How did all of this happen? Phillips identifies several interrelated reasons. First, “among Britain’s governing class – its intelligentsia, its media, its politicians, its judiciary, its church and even its police – a broader and deeper cultural pathology has allowed and even encouraged Londonistan to develop, one that persists to this day.” This malaise is, in essence, a form of national self-loathing. It has been accelerated by a second cause: the cult of multiculturalism. The author dedicates an entire chapter to this insidious theory, which is “the orthodoxy throughout all the institutions of British public life. Put at its simplest, it holds that Britain is now made up of many cultures that are equal and therefore have to be treated in an identical fashion, and that any attempt to impose the majority culture over those of minorities is by definition racist.” Thus hundreds of thousands of recent immigrants – a third factor – have not been required to assimilate into British life, nor have their children, creating a pool of young men and women ripe for radicalization by imams operating out of mosques in London, Liverpool and Leicester. The result, according to Bishop Nazir-Ali of Rochester, who is quoted frequently in the book, is that a generation of Muslim children has been “indoctrinated with a set of inflammatory ideas about the need for Islam to achieve primacy over the non-Islamic world.”
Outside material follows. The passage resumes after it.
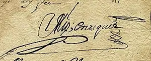 During this administration, a new treasurer was appointed to Puerto Rico, José del Pozo Oneto.[108] Enríquez had tried to win the functionary's favor when he arrived, providing slaves and several other gifts.[109] The first year of his incumbency was nominal, however, in early 1717 a series of conflicts between them became apparent.[110] According to a witness account, these differences began when Enríquez refused to loan 4,000 pieces of eight that Pozo wanted for personal matters.[110] Another factor could have been that the treasurer owned several stores in San Juan and was competing with the privateer in auctions.[111] Eventually, Pozo sided with another man that was battling to gain power, dean Martín Calderón.[112] Throughout Ribera's term, the elite class of San Juan launched a disparaging campaign, offended by the fact that a mulato had essentially become the most influential figure in Puerto Rico.[113] They would constantly address the Spanish Crown and accused him of smuggling, a notable concern during the era, or attempted to disregard his privateering skills.[114] The high class group that led the campaign was the Calderón family, to which the dean belonged.[115] It is likely that these differences materialized years before, but that these groups were simply waiting for the opportune moment to act on them.[116] Despite their status, the Calderón family was notorious for being involved with contraband and Ribera allied with them to pursue his own goals.[117] The family even employed the influence of one of his members to create divisions between Enríquez and the newly arrived bishop Pedro de la Concepción Urtiaga.[118] He was able to counter these accusations following the arrival of a prelate that favored him, neutralizing their influence.[118]

This volume is highly recommended. It is a fire bell in the night. Despite a growing awareness on the part of many English citizens that London is a ticking time bomb, which Melanie Phillips recounts in an afterword to the paperback edition, the jury is still out as to whether they will save themselves. She warns that this has important implications for America. “What if, instead of holding the line for Western culture against the Islamic jihad, Britain is sleepwalking into the arms of the enemy?” If so, new flames may flare up, and the United States may one day be called upon to help extinguish what future historians might describe as the Second Great Fire of London.